**About this exercise**
Extract, in full, the lines below, beginning at the first and ending with the line that contains "Selling a Beleev". Pictures do not belong in the copy.
START Data
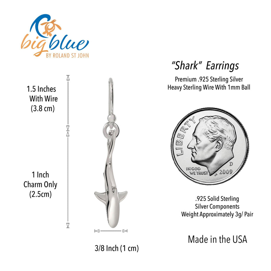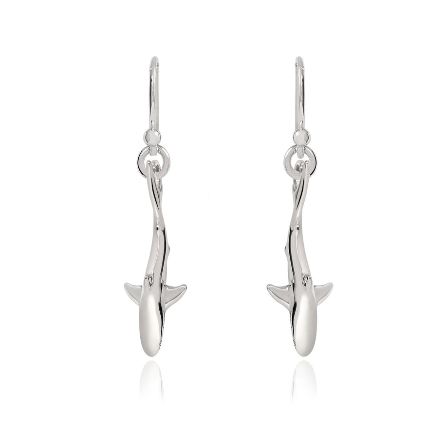 Show your love of sharks and the oceans with these sterling silver shark drop earrings. Handmade, these elegant earrings are a favorite of divers, shark lovers and ocean lovers.
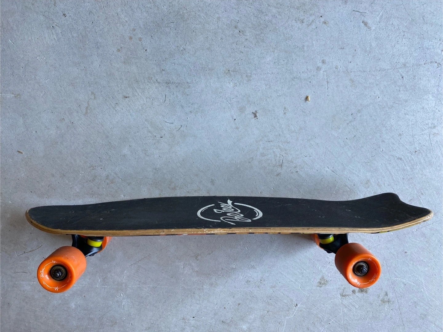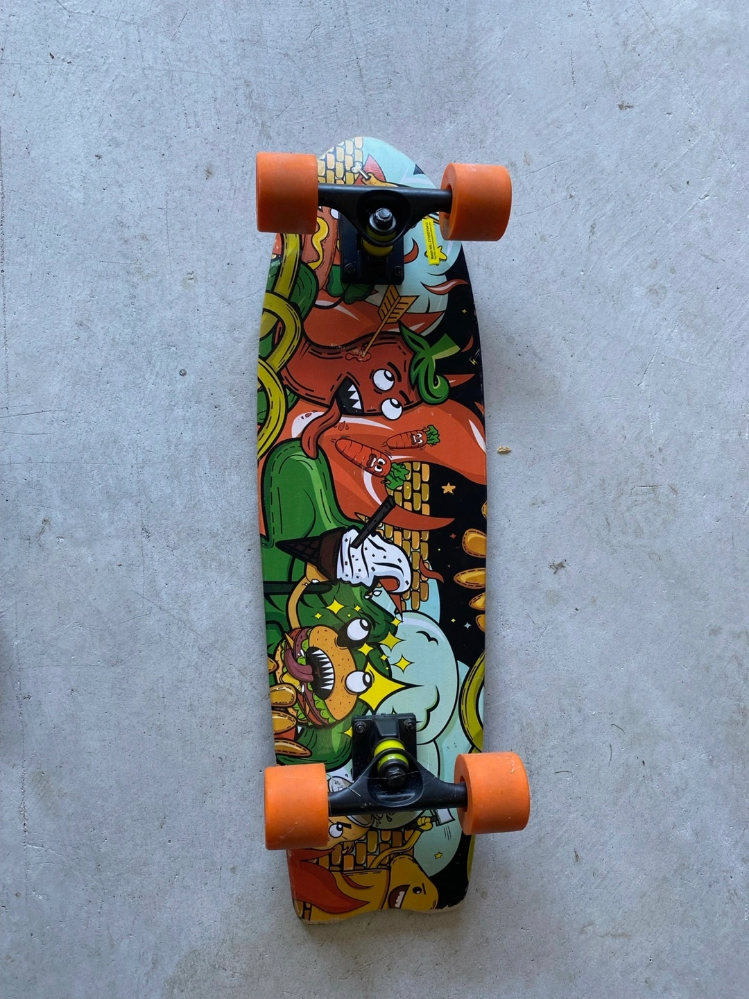 Selling a Beleev skateboard cruiser. It has a fun graphic design on the bottom and the Beleev logo on the top. It's in excellent used condition, ready for some fun rides!
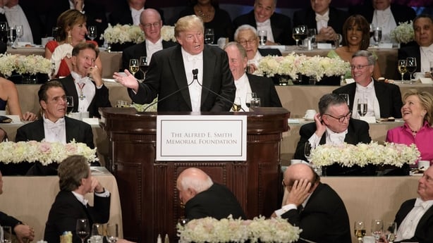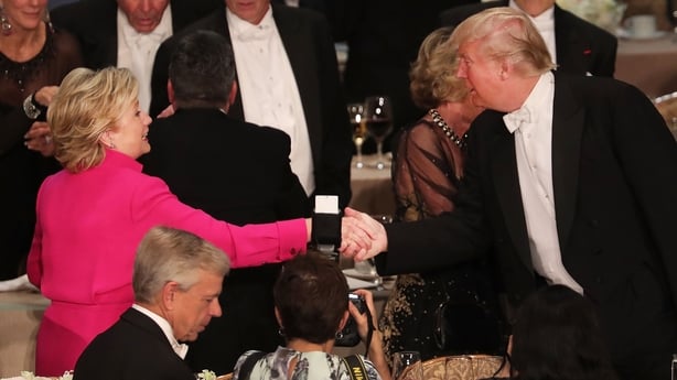 US presidential campaign tensions seeped into proceedings as Mr Trump joked about sending Mrs Clinton to prison and she alluded to Mr Trump's statements about women by estimating how he might rate the Statue of Liberty's attractiveness a four, maybe a five.
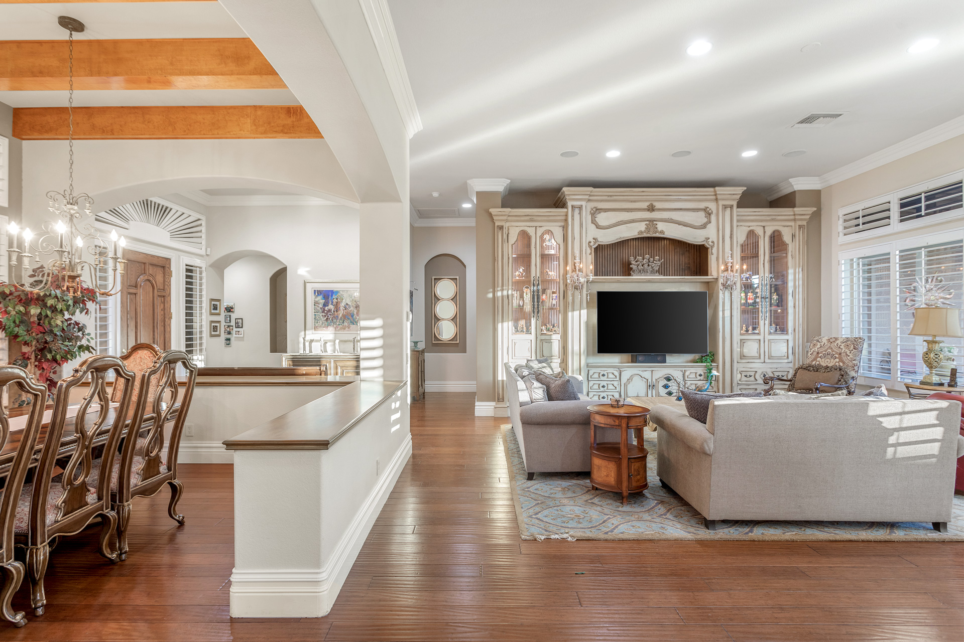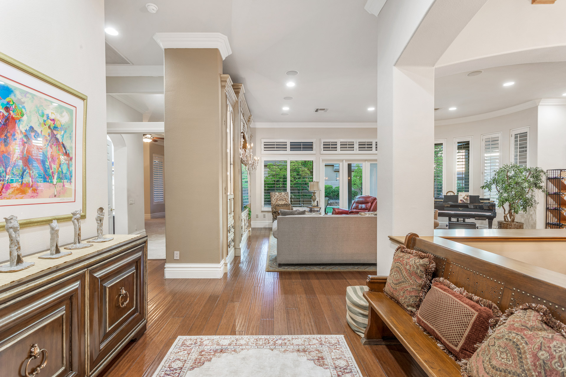 With over 3,800 square feet of living space, every inch of this home has recently been remodeled, with designer features throughout. With vaulted ceilings and an open floorplan, this airy home is incredibly invitingāperfect for entertaining guests! This spectacular home features brand-new bamboo floors, wooden beams, custom built-ins, and new windows. The exquisite French country kitchen features custom cabinetry, a white granite kitchen island, and top-tier appliances. This home has five bedrooms and five bathrooms. The primary suite features a luxurious ensuite with a walk-in shower, a garden tub, and dual vanities.
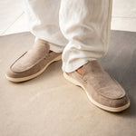 Tyto semišové mokasíny, vyrobené s klidnou elegancí , balancují mezi rafinovaným minimalismem a každodenním pohodlím. Bezešvá silueta s precizním prošíváním nabízí elegantní vzhled , zatímco měkká textura dodává sofistikovaný nádech . Tento všestranný kousek je ideální pro pozvednutí ležérního i střiženého vzhledu.
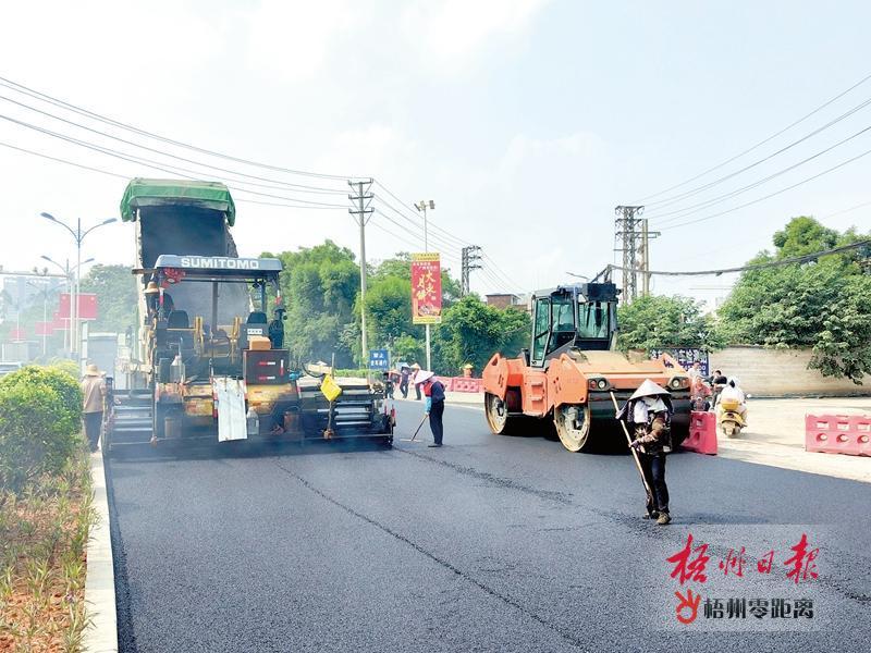 10月11日,在蒼海大道社學路口附近,施工車輛正在鋪設瀝青路面。
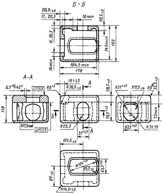 6. Наружные и внутренние радиусы закруглений, не указанные на черт. 1 и 2, должны быть 3-1,5 мм. Допускается вместо закруглений выполнять фаски 2+1´45°.
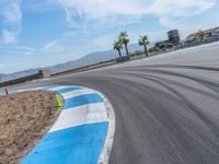 A race track in the USA, with asphalt curves and clear skies. It's a perfect day for racing, with clouds adding drama to the scene. Get ready for some high-speed action!
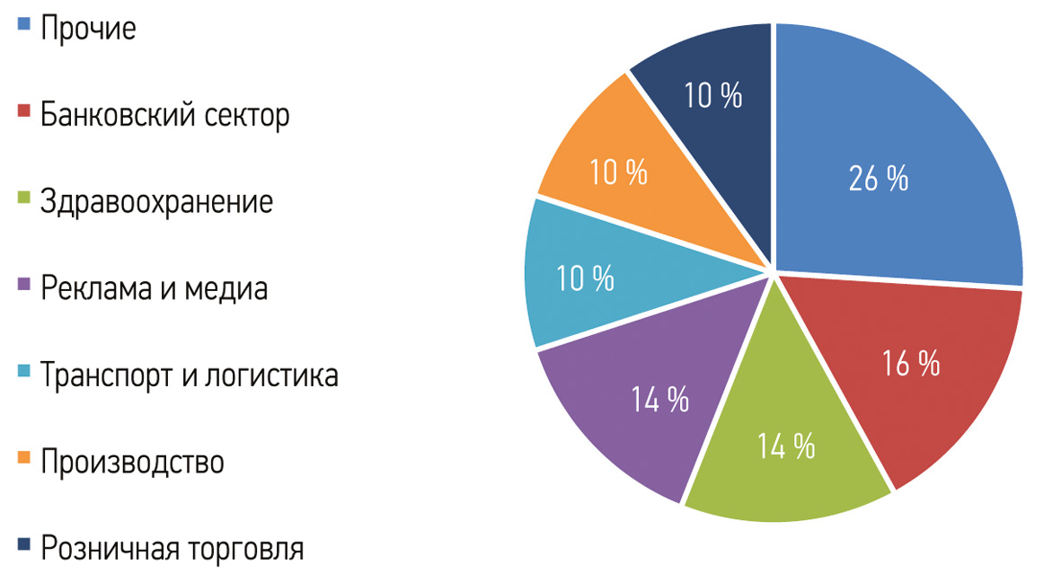 Рис. 2. Доли отраслей с наибольшим потенциалом внедрения ИИ
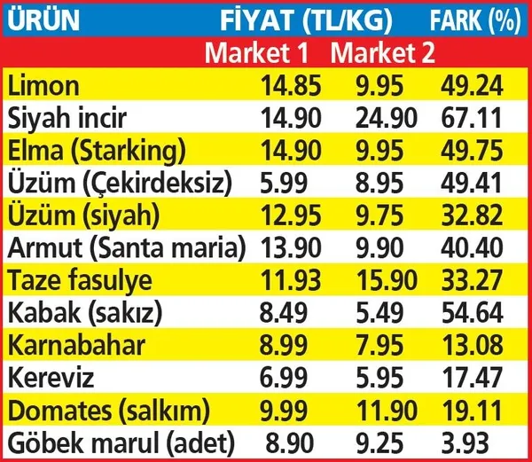 Fiyat farkında başı kabak çekiyor. Bir markette 14.90 liraya satılan 1 kilogram incir, diğer markette 24.90 liraya tüketiciye sunuluyor. Kabak bir markette 5.49, diğerinde 8.49 liraya; elma (starking) bir markette 9.95, diğerinde 14.90 liraya, çekirdeksiz üzüm bir markette 5.99, diğerinde 8.95 liraya tüketiciye sunuluyor. Alışverişe çıkmadan önce araştırma yapanlar aynı ürüne fazla ödeme yapmaktan kurtuluyor.
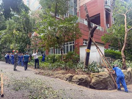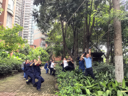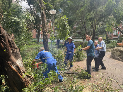 據統計:本次搶險救災,各小區累計重新扶直、修剪倒伏樹木200 余棵,清運斷枝100余車,清運木材12萬余斤,緊急搶險電梯20 余部。當最后一棵倒伏的樹木被清運完畢時,大家的衣服已能擰出水來,看著重新恢復整潔的小區,所有人都露出了欣慰的笑容。
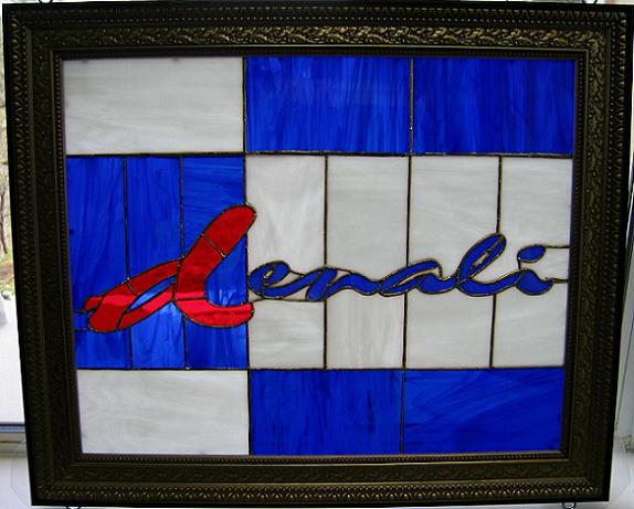 When I started working at my company, there was a typed piece of paper (no kidding) in the window identifying the company. That might work for a startup, but a serious and successful business deserves more....and I thought I should do something about it. So one weekend, I made an 8x10 sign for my office with the company logo. I based the colors and design off of our business cards, with a slight modification to make it more "visually interesting." My co-workers seemed to like it and in fact, the company CTO asked me to make another one, twice the size, for the corporate headquarters! I was happy to oblige and I'm really happy with how it turned out!
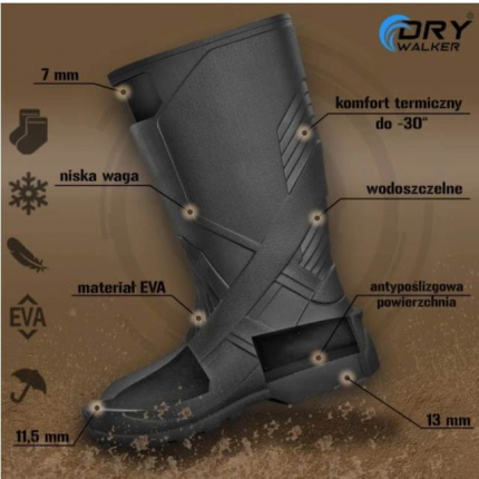 Celý popisCeloroční holínky s hřejivou vložkou DRY WALKER model Xtrack Short. Vyrobeno z materiálu EVA, který je odolný a přitom lehký a zcela voděodolný. Uvnitř nachází vyjímatelná hřejivá vložka zakončená manšestrem. Speciální absorpční podložka a protiskluzová úprava v podrážce zvyšují komfort používání. Je doplněn protektorem, který zajišťuje dobrou přilnavost na kluzkém blátivém povrchu.
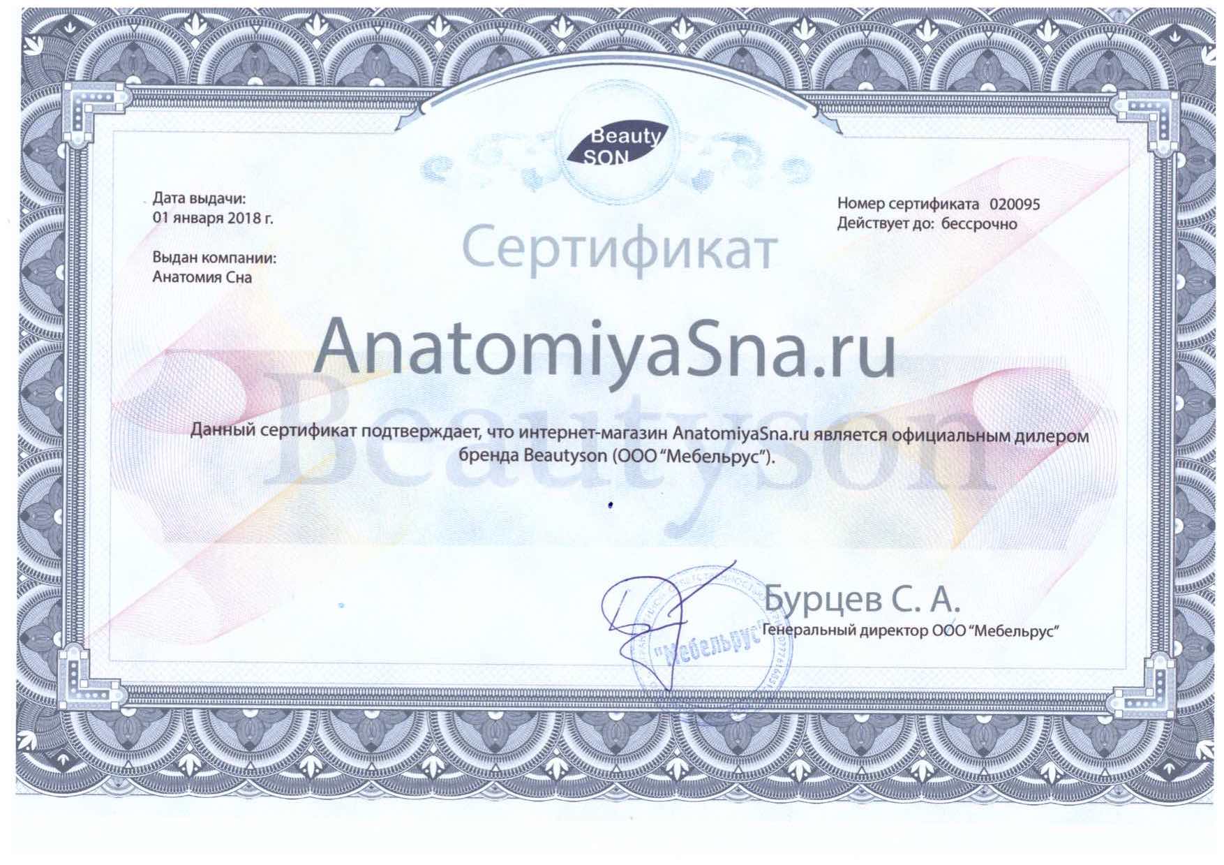 «Анатомия сна» – европейское качество, доступное сегодня каждому! На протяжении 9 лет мы обслуживаем покупателей по всей России. За этот период мы смогли завоевать доверие на отечественном рынке. Многолетний опыт, слаженная работа команды компании, безупречная репутация, множество положительных отзывов от новых и постоянных клиентов, позволяют нам сегодня предложить покупателям наилучшие условия обслуживания, включая разумные цены и развитую логистику. Также мы открыты для сотрудничества с оптовыми заказчиками и производителями.
END Data
**Solved problem**
 Show your love of sharks and the oceans with these sterling silver shark drop earrings. Handmade, these elegant earrings are a favorite of divers, shark lovers and ocean lovers.
 Selling a Beleev skateboard cruiser. It has a fun graphic design on the bottom and the Beleev logo on the top. It's in excellent used condition, ready for some fun rides!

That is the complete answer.